The observations were made by Andrea Dupree of the Harvard- Smithsonian Center for Astrophysics in Cambridge, MA, and Ronald Gilliland of the Space Telescope Science Institute in Baltimore, MD, who announced their discovery today at the 187th meeting of the American Astronomical Society in San Antonio, Texas.
The image was taken in ultraviolet light with 'the Faint Object Camera' on March 3, 1995.
However...many many thousands of years ago in the perhaps one of the oldest manuscripts known to man, entitled 'The Book 0f Job', we have the awesomely poetic statements. "Cans't thou bind THE SWEET INFLUENCES OF PLEIADES, or loose THE BANDS OF ORION? Cans't thou guide Arcturus with his sons? Declare if thou hast understanding?"

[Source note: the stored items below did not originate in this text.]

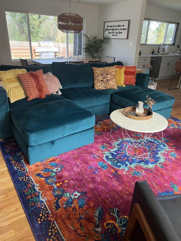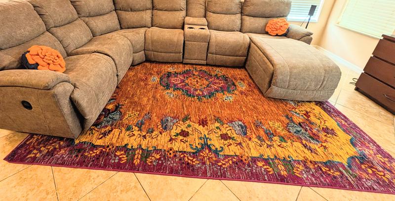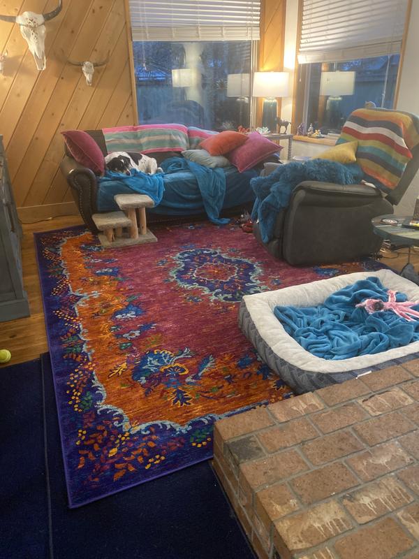 I ordered this rug for my new apartment. I was looking for a vibrant area rug that would compliment the eclectic vibe of my new home. I was hoping that the colors would be true to what I was seeing on-line, and they were. It is soft underfoot and great to sit on. I am very very happy with this purchase.
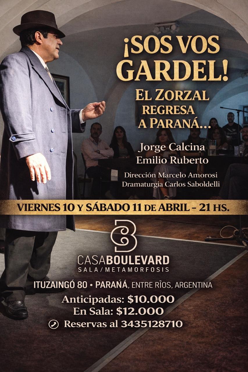 La cartelera cultural de Paraná suma una propuesta que combina historia, música y teatro. Se trata de “Sos vos, Gardel” (El día que Paraná conoció al Zorzal), la obra escrita por Carlos Saboldelli, que regresará a escena este viernes 10 y sábado 11 de abril.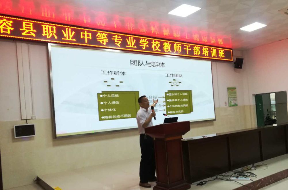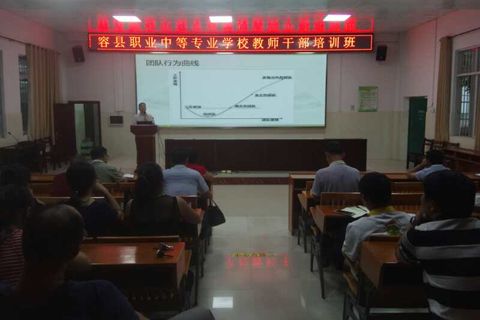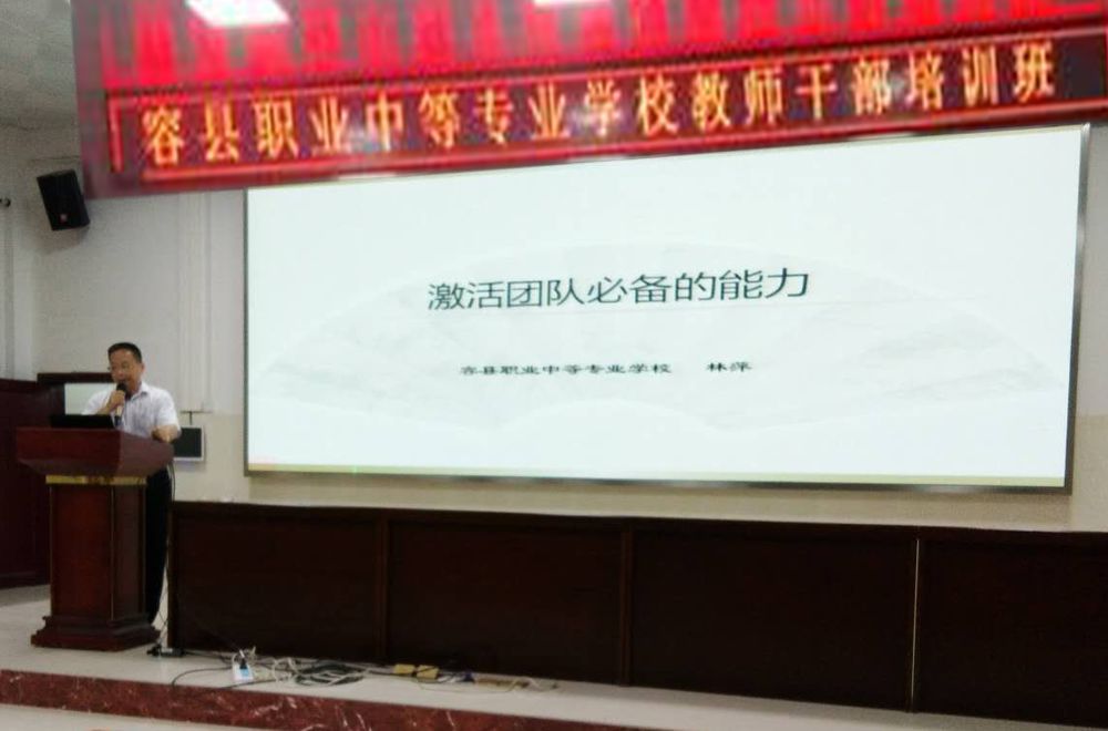 2018年 9月7日下午,在容县职业中等专业学校报告厅举行教师干部培训班,林萍校长主讲《激活团队必备的能力》,全体学校领导、工青妇领导、专业部组长、教研组长40多人参加培训。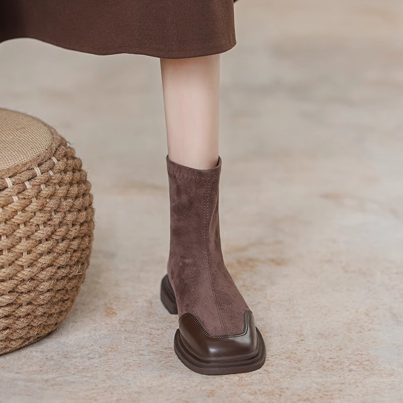 女靴子靴子韩版潮时尚保暖防滑短靴圆头粗跟
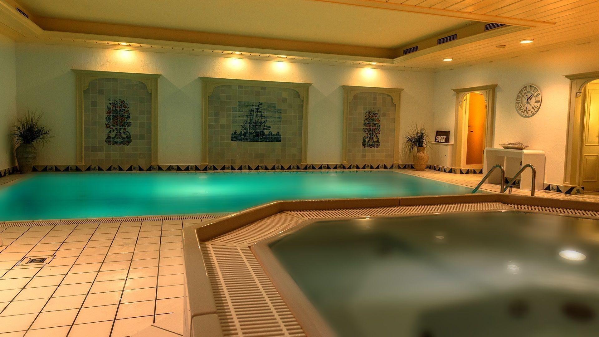 Exklusiver Wellnessbereich im Haus mit großzügigem Schwimmbad (3 Bahnen), Sauna und Relax-Liegen. Kostenfreie Nutzung von W-Lan im Hause.

Amazing huh? Perhaps the so-called 'ancients' knew a little something about the awesome Star Betelgeuse and other heavenly wonders that even now, we know precious little about.You never know huh?:-)
Hubble can resolve the star even though the apparent size is 20,000 times smaller than the width of the full Moon -- roughly equivalent to being able to resolve a car's headlights at a distance of 6,000 miles.
Betelgeuse is so huge that, if it replaced the Sun at the center of our Solar System, its outer atmosphere would extend past the orbit of Jupiter!!!
Photo Credit: Andrea Dupree (Harvard-Smithsonian CfA), Ronald Gilliland(STScI), NASA and ESA
Image files in GIF and JPEG format and captions may be accessed on the Internet via anonymous ftp from ftp.stsci.edu in /pubinfo.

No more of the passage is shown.